The leader of the nation’s war on drugs may be fueling the reaction. Last month, the U.S. Drug Enforcement Administration issued a news release titled “DEA Warning to Police and Public: Fentanyl Exposure Kills” along with a video of two Atlantic County, N.J., detectives who were “exposed to a very small amount of fentanyl.”
“I thought that was it. I thought I was dying,” one detective says on the video.
Patrick Trainor, a spokesman for the DEA’s Philadelphia office, said that ultra-potent forms of fentanyl such as carfentanil — which is legitimately used to tranquilize elephants and other large animals — are deadlier than the anthrax used in the mysterious bioterrorism attacks in 2002. Anthrax-tainted letters killed five people and sickened 13.
“They are worse [than anthrax] in our opinion,” Trainor said in an interview. “You have a drug like carfentanil that’s 10,000 times stronger than heroin. Just touching it, is that going to kill you? Probably not. But do you want to take the risk?”
In its 20-page briefing guide for emergency responders, the DEA declares that “it would only take 2 to 3 milligrams of fentanyl to induce respiratory depression, arrest, and possibly death.” That amount is “about the same as five to seven grains of table salt.”
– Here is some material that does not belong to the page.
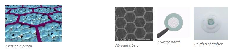 规格: 根据应用,我们提供具有不同配置的细胞支架,并由下表中列出的不同种类的天然生物材料或合成的可生物降解聚合物制成: 尺寸:13,25,37,47mm 纳米纤维材料:明胶,胶原蛋白,PLGA 纳米纤维直径:100-500 nm 纳米纤维厚度:<1um 孔隙率:60-80% 框架材料:环氧树脂,PEGDA,PLGA,明胶 框架结构:圆形,蜂窝状 微图案尺寸:200,500,1000um 框架厚度:20、50、100um 培养支架(culture patch)
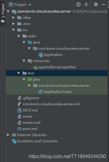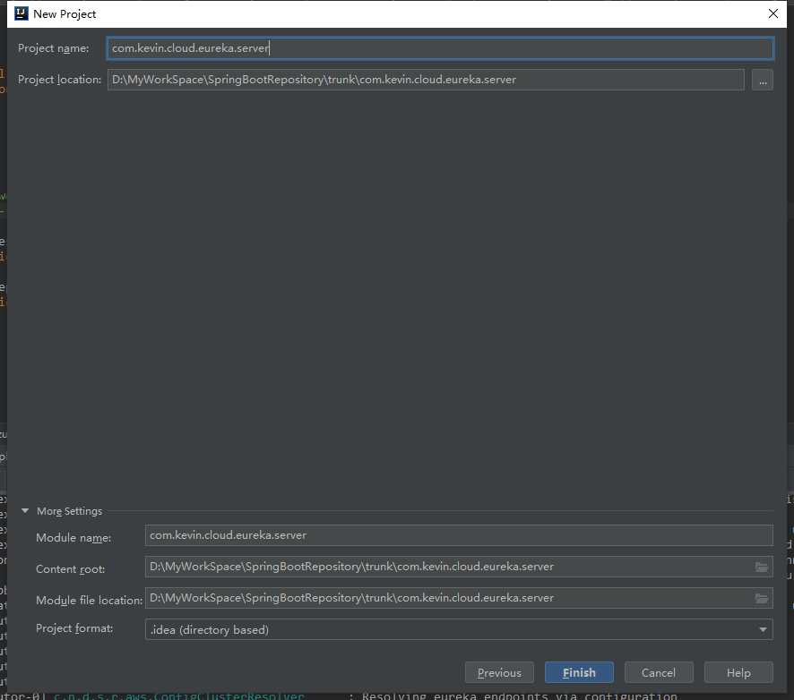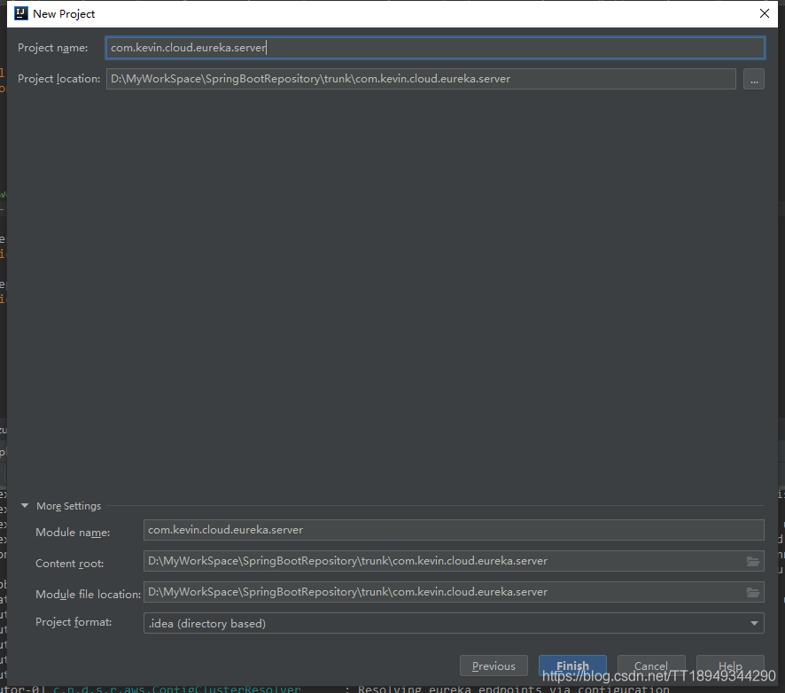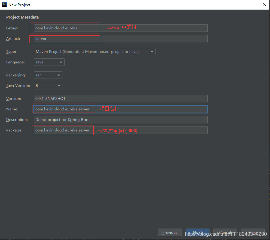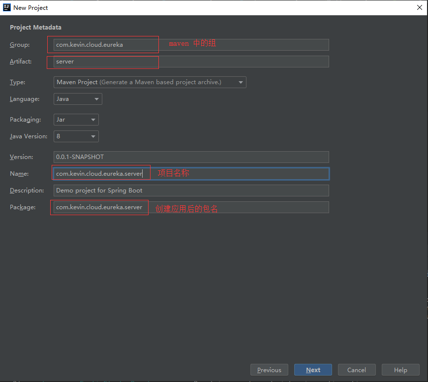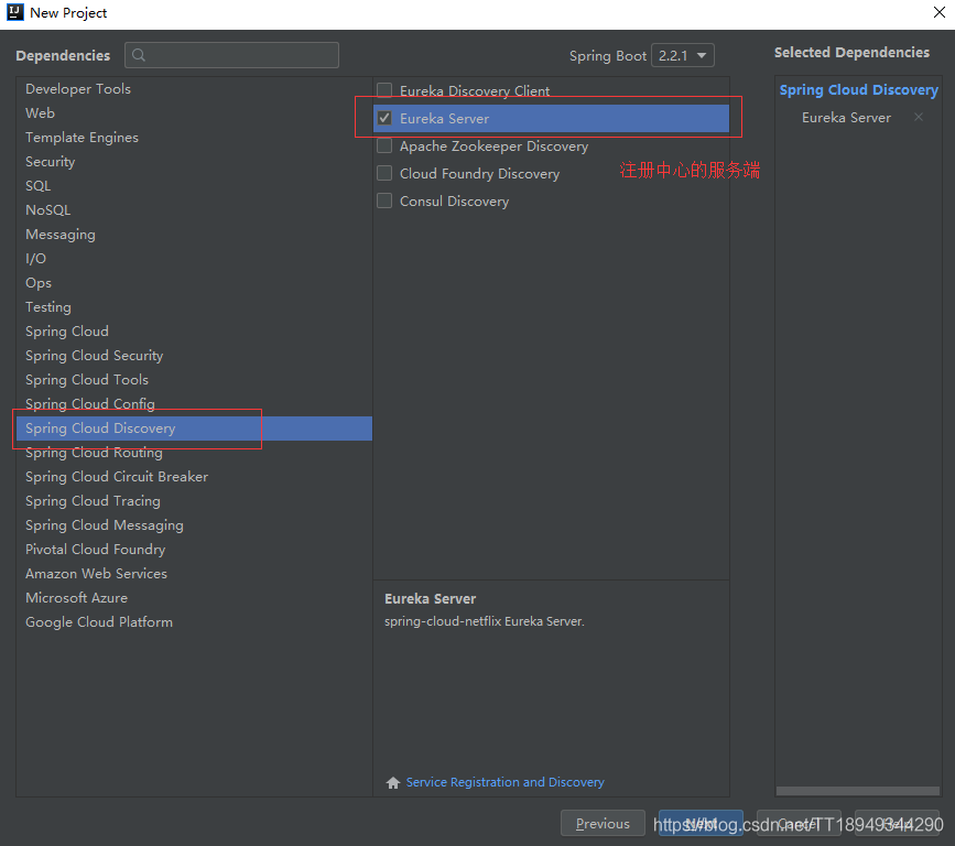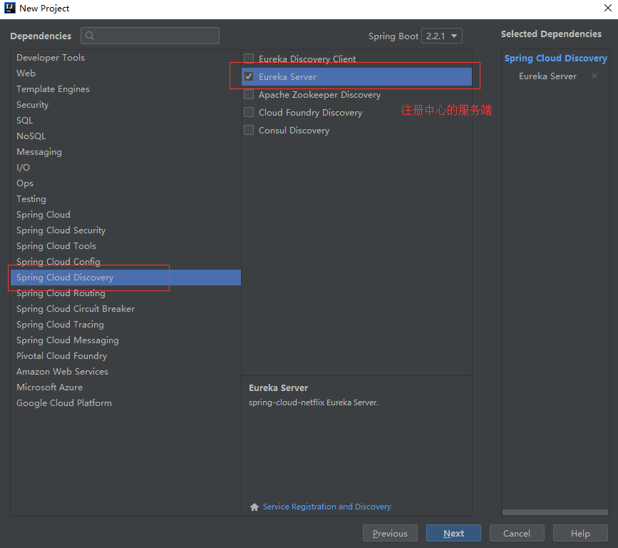 请注意,上面这里选择的是Eureka server ,选择后创建完项目就会自动在pom.xml文件中增加都eureka的依赖,如果这里不选择,也可以项目创建好以后手动添加,这里一步勾选,省去后面的麻烦。

Toxicologist Stolbach added some context: “Yes, two to three milligrams of fentanyl would be sufficient to make most people stop breathing if it found its way into the bloodstream. However, fentanyl just isn’t absorbed through skin into your blood quickly or efficiently enough to make this kind of dose possible from incidental contact. Fentanyl is absorbed much better by inhalation and through [mucous membranes] but we feel like these routes of exposure are much less likely with routine precautions and good common sense.”
Stolbach heads a committee formed by the American College of Medical Toxicology that will soon issue recommendations for protecting emergency responders from occupational exposure to fentanyl and its cousins.
But guidelines already exist, built on the twin pillars of proper protective equipment and good judgment. Depending on the situation, that equipment may range from gloves, safety glasses, and a dust mask all the way to hazmat suits with breathing gear.
“Fentanyl can be handled safely with proper training and equipment,” says the DEA guide for emergency responders.
The rub, of course, is that the opioid epidemic is unprecedented and evolving. In the United States in 2015, opioid overdoses killed 33,091 people, including 9,580 who used forms of fentanyl, according to federal data.
The National Institute for Occupational Safety and Health, the worker protection agency, says it “does not have enough empirical evidence to provide specific guidance for protection from exposure during every possible law enforcement operation.”
The uncertainties should prompt prudence, not panic, said Temple’s D’Orazio.
“Everyone is extrapolating what would happen without a lot of scientific evidence,” he said. “But we don’t need to jump to the conclusion that a little drug on your skin means you’ll require numerous doses of naloxone and potentially die.”